(SUPPLIED MATERIAL begins)
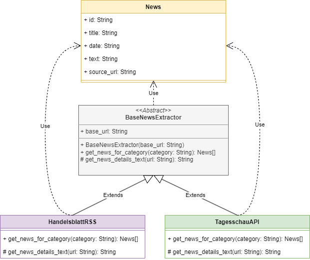 Über die Methode get_news_for_category wird ein Interface geschaffen, über welches die darüberliegende Applikation News aus der in den Kind-Klassen implementierten Quelle beziehen kann. So soll es möglich sein, in der Applikation keine Spezifika der Datenquellen implementieren zu müssen, sondern lediglich auf die bereits kapselnde Klasse zurückzugreifen.
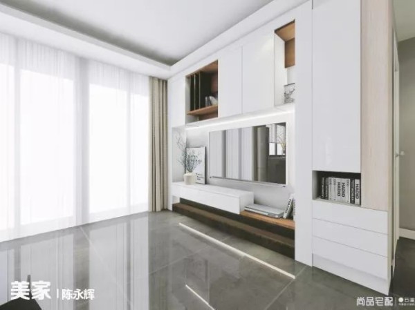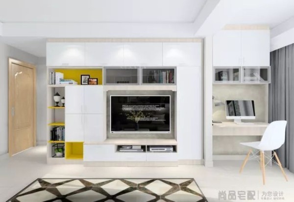 电视柜充分利用了垂直空间,白色的柜门和墙壁融合在一起,延伸了人的视线,扩大了空间感,时尚简约的造型减轻了拥挤和杂乱感。
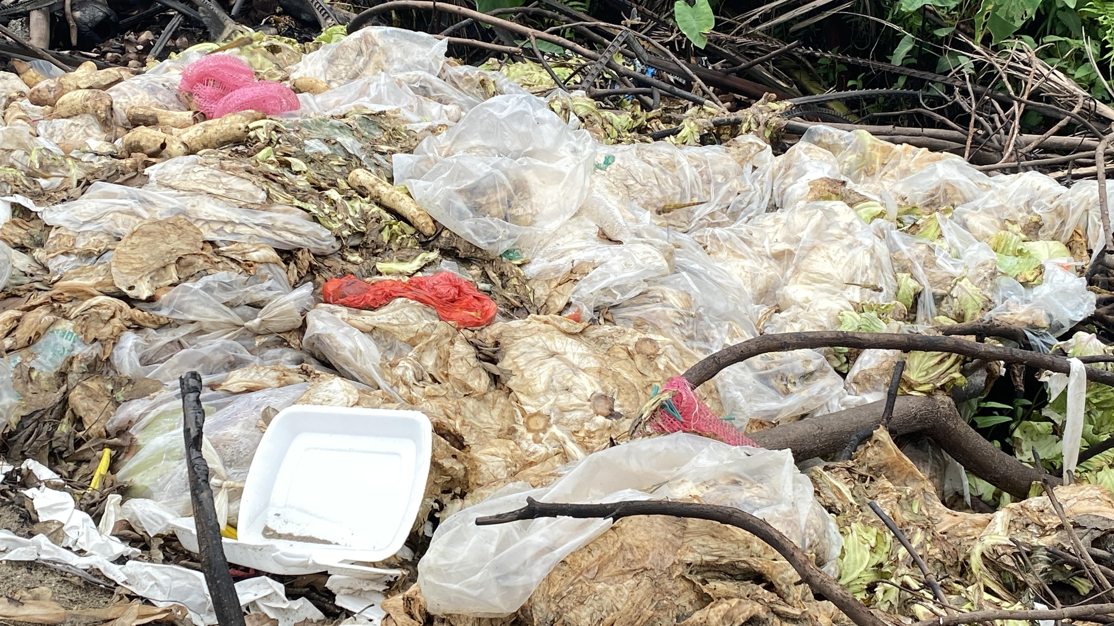 Sát bên đường, cạnh những hố ga mất nắp là rác thải
(SUPPLIED MATERIAL ends)
### EXERCISE DETAILS:
Without the pictures, print the whole listing exactly as given.

### EXERCISE SOLUTION:
 Über die Methode get_news_for_category wird ein Interface geschaffen, über welches die darüberliegende Applikation News aus der in den Kind-Klassen implementierten Quelle beziehen kann. So soll es möglich sein, in der Applikation keine Spezifika der Datenquellen implementieren zu müssen, sondern lediglich auf die bereits kapselnde Klasse zurückzugreifen.
 电视柜充分利用了垂直空间,白色的柜门和墙壁融合在一起,延伸了人的视线,扩大了空间感,时尚简约的造型减轻了拥挤和杂乱感。
 Sát bên đường, cạnh những hố ga mất nắp là rác thải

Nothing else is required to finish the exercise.